The high water resistant resin layer forming ability refers to a property capable of forming a resin layer having excellent water resistance.
Examples of the resin layer include a coating film formed on the surface of various materials, an adhesive layer for bonding various materials, a resin-impregnated layer obtained by impregnating and curing all or a part of various materials and curing them. . Examples of various materials include, but are not limited to, cellulose materials such as wood, paper, and cotton. For example, materials conventionally used for exterior materials, interior materials, joinery, furniture, etc. of wooden houses can be used.

A resin layer with excellent water resistance means that the formed resin layer (for example, a coating film) has improved water resistance as compared to the case where no organometallic compound is added (when the persimmon astringent is used alone). Although it is good, for example, after applying astringency to the object to be painted such as wood, drying and curing, the appearance of the painted surface may change even if the absorbent surface with pure water is rubbed multiple times on the painted surface. It is preferably not macroscopically noticeable, and the absorbent cotton is preferably free from defects such as noticeable paint color.
In the present invention, it is not necessary to use an organic solvent or a petroleum-based synthetic resin. A sufficient effect can be obtained only by adding a highly safe aqueous water resistance imparting agent.

Hereinafter, the present invention will be described in detail based on preferred embodiments thereof.
The highly water-resistant resin layer forming agent of the present invention comprises strawberries and an organometallic compound (provided that the metal is titanium, zirconium or hafnium) mixed with the straws when used.
In the method for imparting the high water-resistant resin layer forming ability of the present invention, an organometallic compound (however, the metal is titanium, zirconium or hafnium) is mixed. Titanium, zirconium and hafnium are metals of Group 4 of the periodic table.
By blending these organometallic compounds with persimmon, the resin layer formed by persimmon can be made excellent in water resistance.
The organometallic compound may be added in a non-aqueous solution to a persimmon, particularly a persimmon to which a carboxylic acid or a derivative thereof has been added. However, it is preferable to blend a preparation prepared in an aqueous solution into the persimmon.
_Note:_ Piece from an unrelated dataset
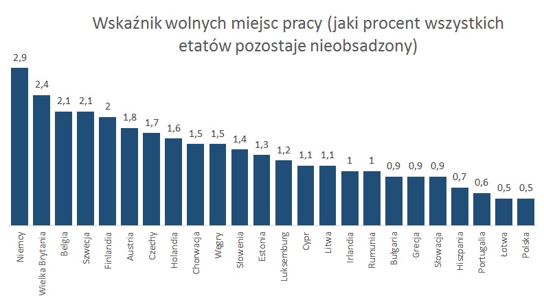Najwięcej wolnych miejsc pracy jest w gospodarkach tradycyjnie uznawanych za najlepiej poukładane - w Niemczech i Wielkiej Brytanii. Tylko nieco gorzej wygląda sytuacja w Belgii, Szwecji i Finlandii - we wszystkich tych krajach wolnych jest co najmniej 2 proc. ogółu miejsc pracy.

The organometallic compound has an action of improving the water resistance of the resin layer.

The organometallic compound used in the present invention is an organometallic compound whose metal is titanium, zirconium or hafnium.
As such an organometallic compound, a water-soluble compound can be used without particular limitation. The organometallic compound used in the present invention is preferably a metal chelate compound, metal ester, metal acylate or metal alkoxide. Specifically, titanium chelate, titanium ester, titanium acylate, titanium alkoxide, titanium alkoxy halide, zirconium chelate, zirconium ester, zirconium acylate, zirconium alkoxide, zirconium alkoxy halide, hafnium chelate, hafnium ester, hafnium acylate, hafnium Examples thereof include alkoxide and hafnium alkoxy halide. The organometallic compound is preferably stable in water (not easily decomposed).
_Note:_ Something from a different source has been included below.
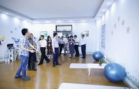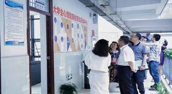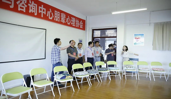 评审汇报结束后,评审专家组一行到大学生心理健康教育与咨询中心实地走访,参观了心理中心的接待室、办公室、测量室、咨询室、宣泄室、放松室、团体辅导室、杨丽春中国本土心理剧工作室等各项功能室。评审专家组还参观了学院的阳明书院。

  Examples of the titanium chelate (complex) include titanium lactate, titanium lactate ammonium salt (such as dihydroxybisammonium lactate titanium), titanium diisopropoxybistriethanolaminate, and titanium acetylacetonate. Examples of titanium acylate include polyhydroxytitanium stearate. As the organometallic compound whose metal is titanium, 2-ethylhexyl titanate, isooctyl titanate, polybutyl titanate, polycresyl titanate, triethanolamine titanate, and the like can also be used.

  Examples of the zirconium chelate (complex) include zirconium lactate, zirconium lactate ammonium salt, zirconium lactate, zirconium tetraacetylacetonate, zirconium lactate, zirconium lactate ammonium salt and the like. Examples of the zirconium acylate include zirconium acetate, zirconium chloride compound aminocarboxylic acid (manufactured by Matsumoto Pharmaceutical Co., Ltd., ORGATIZ ZB-126), and the like.
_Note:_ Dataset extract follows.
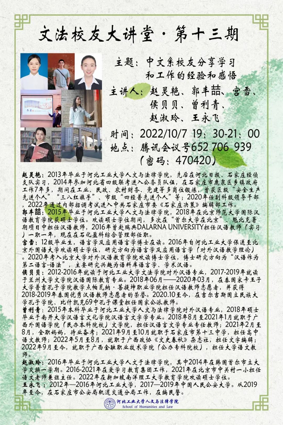 10月7日晚7点半,91麻豆 特邀中共石家庄市委《石家庄决策》编辑部部员赵灵艳、石化盈科综合管理部部员郭丰喆、大学语文教师曾利青、孔子学院国家公派教师侯贝贝、北京大学语言学在读博士宫雪、新加坡南洋理工大学教育学在读硕士赵淑玲、石家庄轨道交通分局民警王永飞等校友做客线上讲座,为同学们分享他们在学习和工作中的经验与感悟,提供更多可行性建议。

Examples of the hafnium chelate (complex) include hafnium lactate and hafnium lactate ammonium salt. Examples of the hafnium acylate include hafnium acetate.
Among these organometallic compounds, complexes such as titanium lactate, zirconium lactate and hafnium lactate, zirconium or hafnium as a central metal element, and a lactate (lactic acid) as a ligand or a salt thereof are preferable. Titanium lactate or a salt thereof is preferable in terms of price and further effects.
The various organometallic compounds described above may be used alone or in any combination of two or more.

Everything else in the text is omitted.